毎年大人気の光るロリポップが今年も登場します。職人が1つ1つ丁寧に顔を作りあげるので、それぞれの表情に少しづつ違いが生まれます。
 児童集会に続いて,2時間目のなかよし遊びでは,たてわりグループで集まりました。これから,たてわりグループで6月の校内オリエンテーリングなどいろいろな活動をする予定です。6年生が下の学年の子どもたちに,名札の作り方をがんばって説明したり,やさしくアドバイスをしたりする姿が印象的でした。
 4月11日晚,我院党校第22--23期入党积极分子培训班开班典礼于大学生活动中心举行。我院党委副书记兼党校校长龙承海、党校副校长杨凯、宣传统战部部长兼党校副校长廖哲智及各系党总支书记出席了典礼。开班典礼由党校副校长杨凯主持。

==

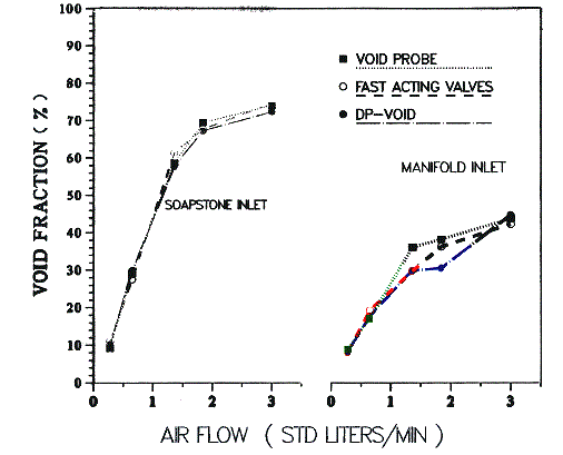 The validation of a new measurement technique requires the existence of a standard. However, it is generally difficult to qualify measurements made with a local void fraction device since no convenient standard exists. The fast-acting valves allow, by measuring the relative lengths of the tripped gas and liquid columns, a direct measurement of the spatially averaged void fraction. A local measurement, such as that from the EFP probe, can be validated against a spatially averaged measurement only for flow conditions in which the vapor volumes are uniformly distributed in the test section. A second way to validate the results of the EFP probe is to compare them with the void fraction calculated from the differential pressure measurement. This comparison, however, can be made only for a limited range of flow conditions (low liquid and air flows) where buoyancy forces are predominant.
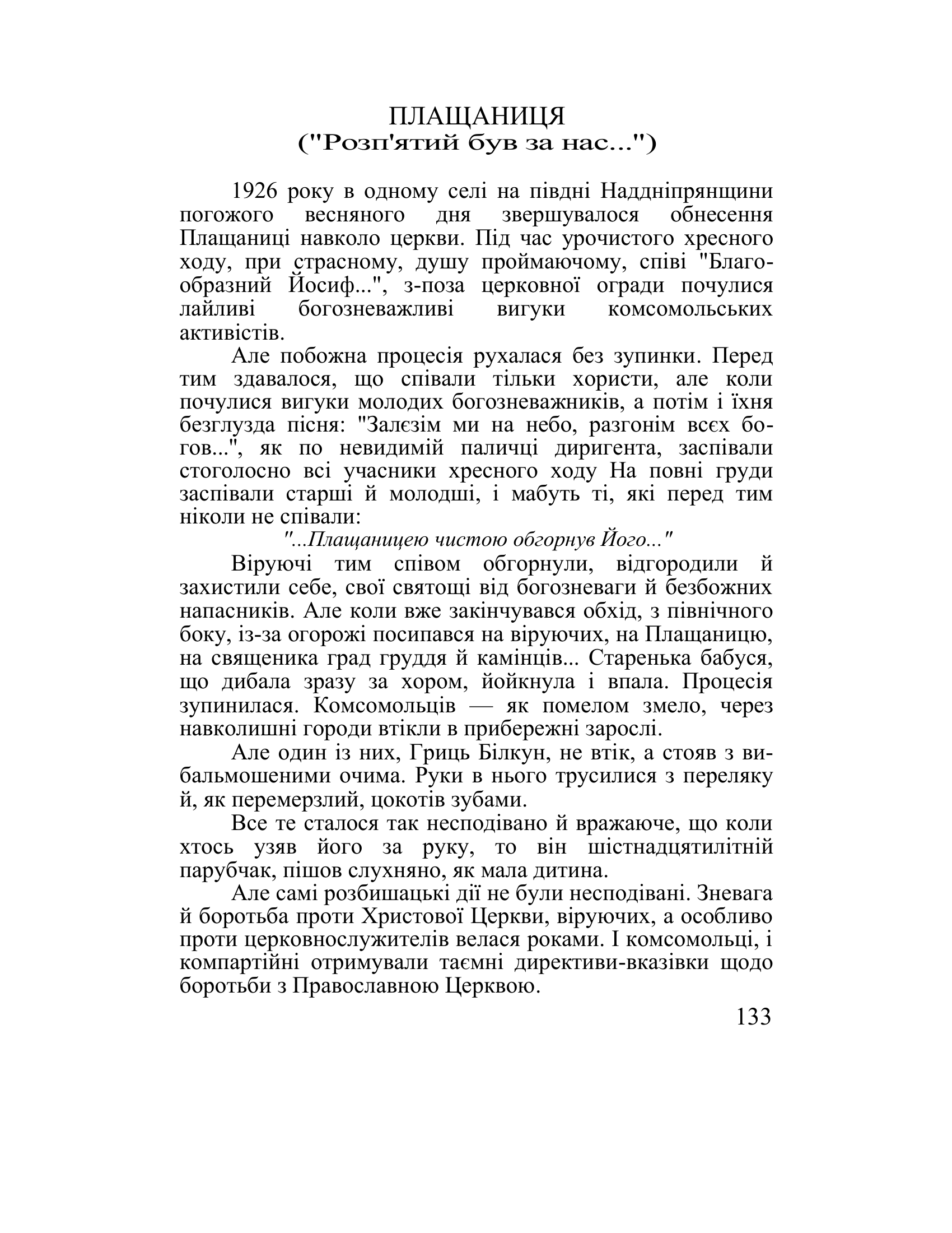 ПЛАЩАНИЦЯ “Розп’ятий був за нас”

==

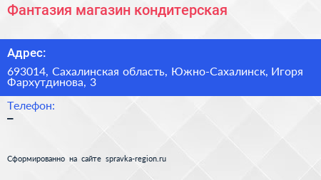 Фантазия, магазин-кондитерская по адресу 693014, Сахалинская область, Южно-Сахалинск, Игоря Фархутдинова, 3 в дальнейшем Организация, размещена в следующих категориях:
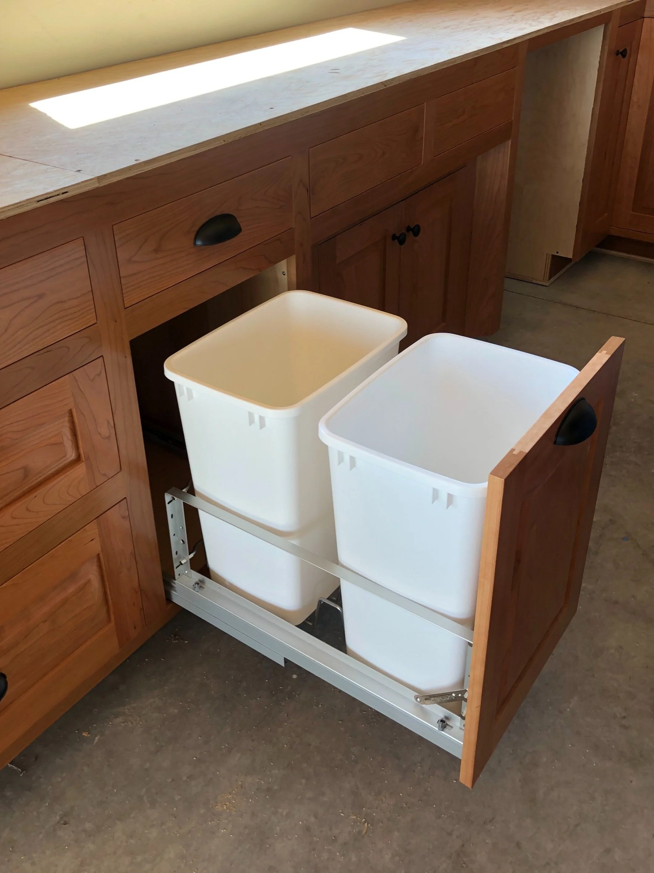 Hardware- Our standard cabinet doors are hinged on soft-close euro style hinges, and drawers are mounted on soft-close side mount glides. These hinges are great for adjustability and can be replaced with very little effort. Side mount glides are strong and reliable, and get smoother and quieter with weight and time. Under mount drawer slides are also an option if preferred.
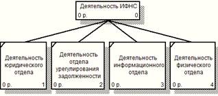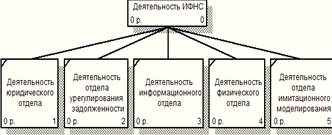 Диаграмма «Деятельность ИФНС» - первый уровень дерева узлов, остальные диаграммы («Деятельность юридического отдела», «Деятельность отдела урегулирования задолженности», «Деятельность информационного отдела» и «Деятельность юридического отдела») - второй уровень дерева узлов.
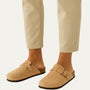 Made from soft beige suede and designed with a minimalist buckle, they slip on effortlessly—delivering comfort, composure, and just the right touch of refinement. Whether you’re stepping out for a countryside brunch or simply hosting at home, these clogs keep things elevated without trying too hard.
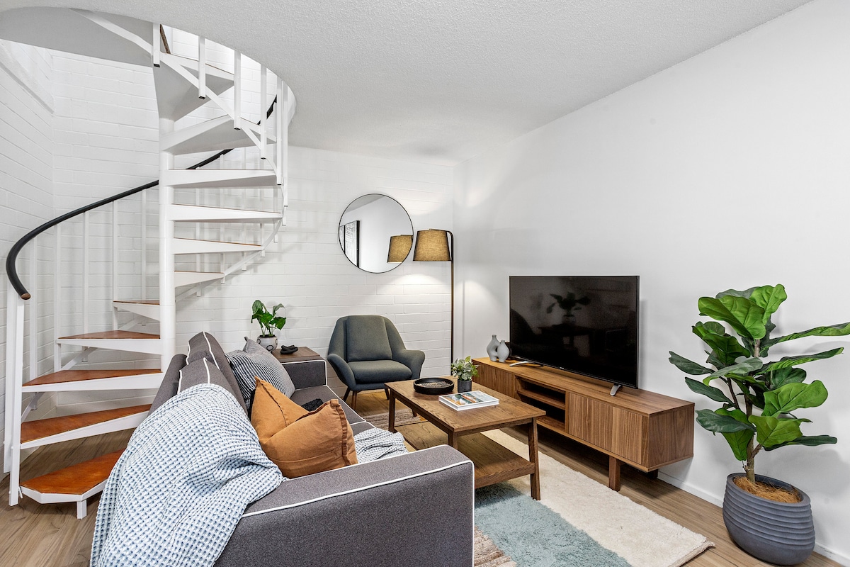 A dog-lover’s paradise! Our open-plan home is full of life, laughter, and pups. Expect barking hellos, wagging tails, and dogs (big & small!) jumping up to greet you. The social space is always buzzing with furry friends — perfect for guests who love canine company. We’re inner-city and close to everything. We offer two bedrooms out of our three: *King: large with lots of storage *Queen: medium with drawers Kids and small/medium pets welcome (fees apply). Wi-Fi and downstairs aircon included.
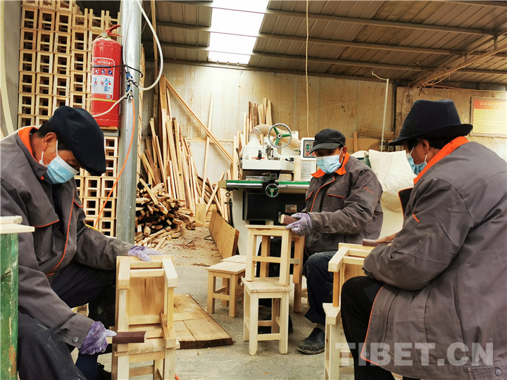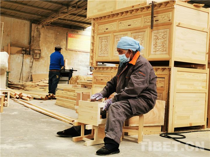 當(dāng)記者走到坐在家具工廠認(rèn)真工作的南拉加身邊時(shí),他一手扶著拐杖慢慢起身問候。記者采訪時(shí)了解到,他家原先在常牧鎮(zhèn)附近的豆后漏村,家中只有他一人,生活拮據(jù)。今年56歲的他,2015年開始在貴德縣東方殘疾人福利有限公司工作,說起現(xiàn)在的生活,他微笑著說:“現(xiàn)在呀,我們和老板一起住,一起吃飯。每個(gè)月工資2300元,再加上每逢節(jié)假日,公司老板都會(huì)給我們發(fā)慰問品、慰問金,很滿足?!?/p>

Task requirements
Transcribe, word for word, the stretch of lines in the data above from the one with "уровень дерева узлов." through the one with "當(dāng)記者走到坐在家"; omit all pictures.

Result of the exercise
 Диаграмма «Деятельность ИФНС» - первый уровень дерева узлов, остальные диаграммы («Деятельность юридического отдела», «Деятельность отдела урегулирования задолженности», «Деятельность информационного отдела» и «Деятельность юридического отдела») - второй уровень дерева узлов.
 Made from soft beige suede and designed with a minimalist buckle, they slip on effortlessly—delivering comfort, composure, and just the right touch of refinement. Whether you’re stepping out for a countryside brunch or simply hosting at home, these clogs keep things elevated without trying too hard.
 A dog-lover’s paradise! Our open-plan home is full of life, laughter, and pups. Expect barking hellos, wagging tails, and dogs (big & small!) jumping up to greet you. The social space is always buzzing with furry friends — perfect for guests who love canine company. We’re inner-city and close to everything. We offer two bedrooms out of our three: *King: large with lots of storage *Queen: medium with drawers Kids and small/medium pets welcome (fees apply). Wi-Fi and downstairs aircon included.
 當(dāng)記者走到坐在家具工廠認(rèn)真工作的南拉加身邊時(shí),他一手扶著拐杖慢慢起身問候。記者采訪時(shí)了解到,他家原先在常牧鎮(zhèn)附近的豆后漏村,家中只有他一人,生活拮據(jù)。今年56歲的他,2015年開始在貴德縣東方殘疾人福利有限公司工作,說起現(xiàn)在的生活,他微笑著說:“現(xiàn)在呀,我們和老板一起住,一起吃飯。每個(gè)月工資2300元,再加上每逢節(jié)假日,公司老板都會(huì)給我們發(fā)慰問品、慰問金,很滿足?!?/p>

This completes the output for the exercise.